Она искоса на него поглядывала, и в душе у нее поднималось возмущение, но одновременно с этим кто-то другой, а точнее другая, что с недавних пор поселилась в ее сердце, подсказывала: а ты не противься, ты делай вид, что слушаешься его, а сама попытайся управлять им. Он хочет использовать тебя, а ты используй его, на этом мир стоит, но Уля спорила со своей подружкой: люди не должны так жить. Он говорит, что беда нашего времени — индивидуализм, а сам эгоистичней всех людей вместе взятых. Уле так понравились эти споры, что она вообразила, будто их теперь двое — одна взрослее, а другая младше. Они все время спорят между собой и никогда не могут договориться, а сама она объединяется то с одной, то с другой против той, что остается в меньшинстве, но тотчас же ей становится жалко проигравшую и она перебегает к ней. «Я, наверное, схожу с ума», — думала Уля, но в этих бесконечных разговорах ей было легче проживать дни.

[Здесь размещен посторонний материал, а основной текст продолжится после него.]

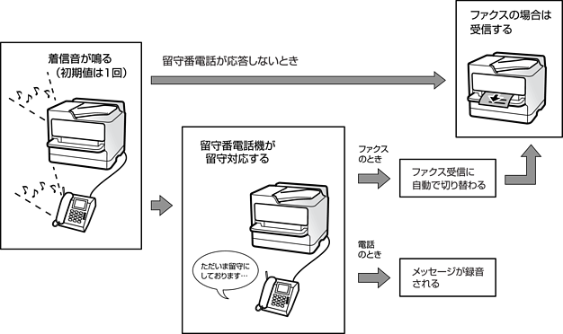 ファクスのときは、ファクス信号を自動検出します。ファクス受信が始まると、留守番電話は遮断されます。
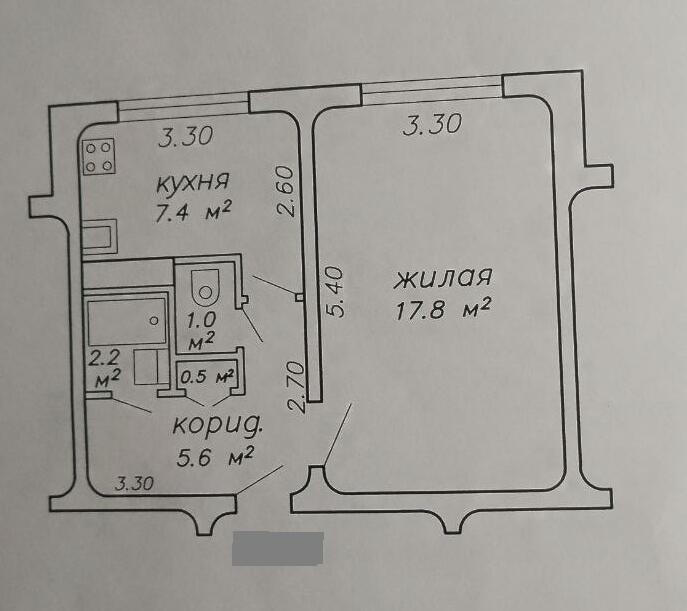 – Общая площадь- 34,5 м2. Жилая – 17,8 м2. Площадь кухни- 7,4 м2.
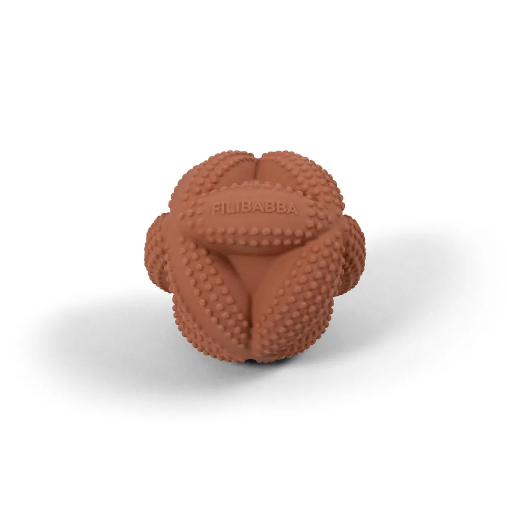 Isa grab ball er designet med henblik på motorisk udvikling. Med hjertet i Fillibabba´s produkter har de skabt en bold-kollektion med taktile overflader, gode egenskaber og fin farvenuance. Isa grab ball er produceret i 100% naturgummi og er med til at stimulere barnets motorik og gribereflekser. Med en fin mild klokkelyd indeni stimulerer den også barnets høresans. På overfladen er der produceret små dupper, som giver et godt greb for selv helt små hænder, samtidig er alle kanter bløde, så de kan hjælpe på ømme gummer og er samtidig stimulerende for den taktile sans. Fantastisk produkt til at udvikle barnets finmotorik.
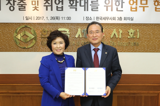 (조세금융신문=이지한 기자) 한국세무사회(회장 백운찬)는 26일 서초동 세무사회관에서 (사)한국여성인력개발센터연합(회장 조태임)과 일자리 창출 및 취업 확대를 위한 업무협약을 맺었다.
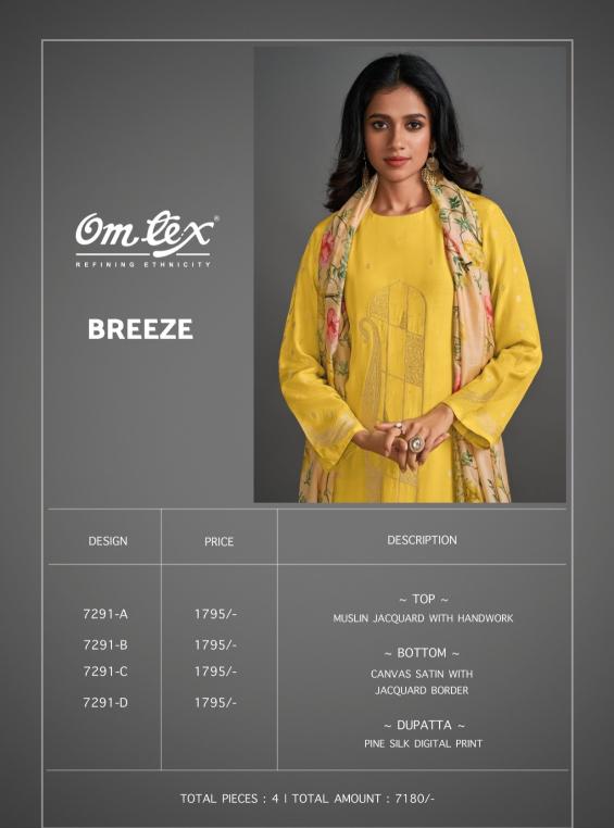 Om Tex Presents Latest Collection Launched on 25-03-2025. Presenting Beautiful collection of 4 PCS with Unstitched .
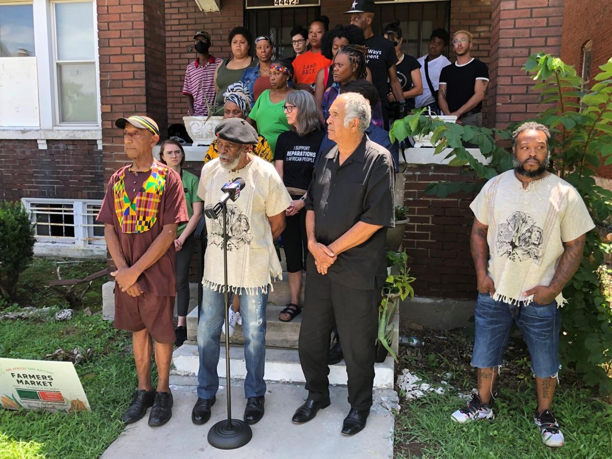 July 29, 2022 press conference after FBI raids in St. Louis, Missouri. Omali Yeshitela at the microphone. (Photo: Jesse Bogan, St. Louis Post Dispatch)
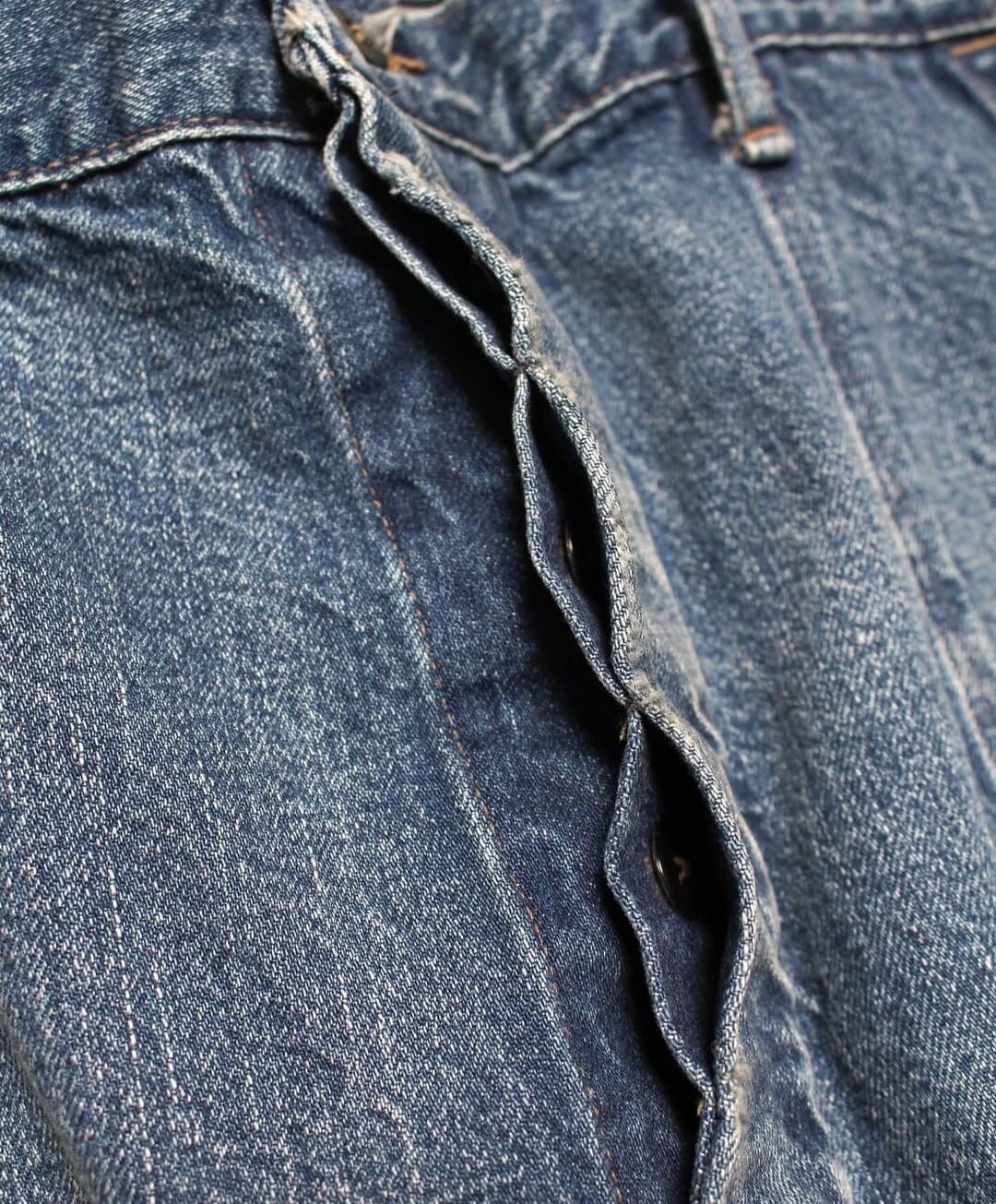 US NAVY DUNGAREE WORKING UNIFORM DENIMTROUSERS。1940年代に着用が開始されたM-44ユニフォーム。作業により付いた油染みと、作業を物語る退色感をリアルに表現し、40年代の空気感と、 本物志向が頷くヴィンテージ感漂う出来栄え。
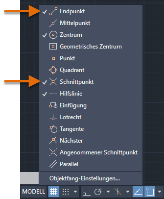 Klicken Sie mit der rechten Maustaste auf die Schaltfläche Objektfang, und wählen Sie sowohl Endpunkt als auch Schnittpunkt aus, wenn diese Optionen nicht bereits aktiviert sind.
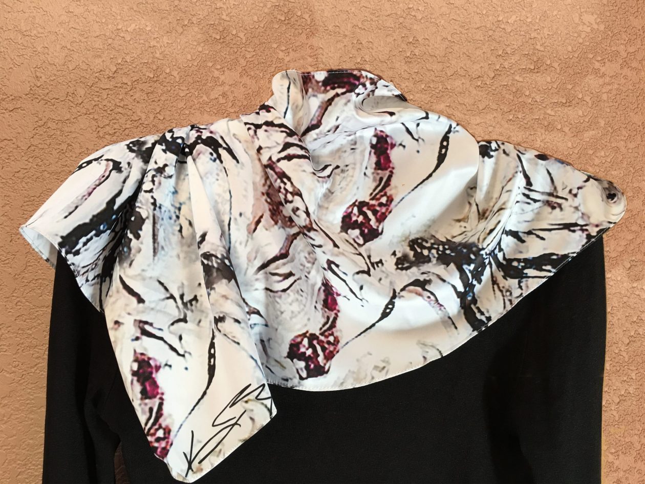 Colorful expression of flowing horses adorn this silk scarf.

«В сущности, что ты ему? — говорила она строгим взрослым голосом, каким могла говорить бы старшая сестра или, может быть, родная мама. — Девчонка, о которой он вообразил бог весть что, да еще тебя попытался в этом убедить, а когда понял, что ошибся, ему сделалось неудобно, и он теперь возится с тобой по обязанности. Или потому, что ему нечего сейчас делать». — «Но ведь это неправда, ему интересно со мной. Я живая, непредсказуемая, я другая». — «Вот увидишь, ему надоест и он бросит тебя так же, как тебя бросали все остальные». — «Это, видимо, моя судьба — быть брошенной людьми, к которым я привязываюсь, — соглашалась Уля маленькая. — Они все на меня набрасывались, а потом исчезали. Все это означает лишь одно — что во мне есть какой-то изъян». — «Счастье женщины — не красота, не доброта и даже не верность, ее счастье — это умение удерживать возле себя мужчин, — говорила с важностью в голосе взрослая Уля. — Ты этого не умеешь. У тебя талант наоборот. И потому этот тип тоже скоро тебя оставит. Попользуется тобой, сочинит какую-нибудь историю, тиснет ее в разноцветном журнальчике на плохой бумаге, получит и пропьет гонорар, и до свидания, Улечка. И этого мадам Миллер тебе уже точно не простит, потому что от такого урона ее гимназия не оправится». — «Зато у меня будет капитал, воспоминание на оставшуюся жизнь, о чем можно будет рассказывать детям и внукам, ежели они у меня случатся. А мадам Миллер не так глупа, чтобы меня этим корить».
Так размышляла Уля, в присутствии Круда научившись жить две жизни сразу, и он ее поощрял. Этот человек будоражил, смущал ее, сбивал с толку, постоянно отвлекал, и она чувствовала, как устает от него, но это была правильная, хорошая усталость. Единственное, что ее удивило и напомнило неприятное, — ни разу он не дал ей прочесть ни одной своей книги, ни одной строки.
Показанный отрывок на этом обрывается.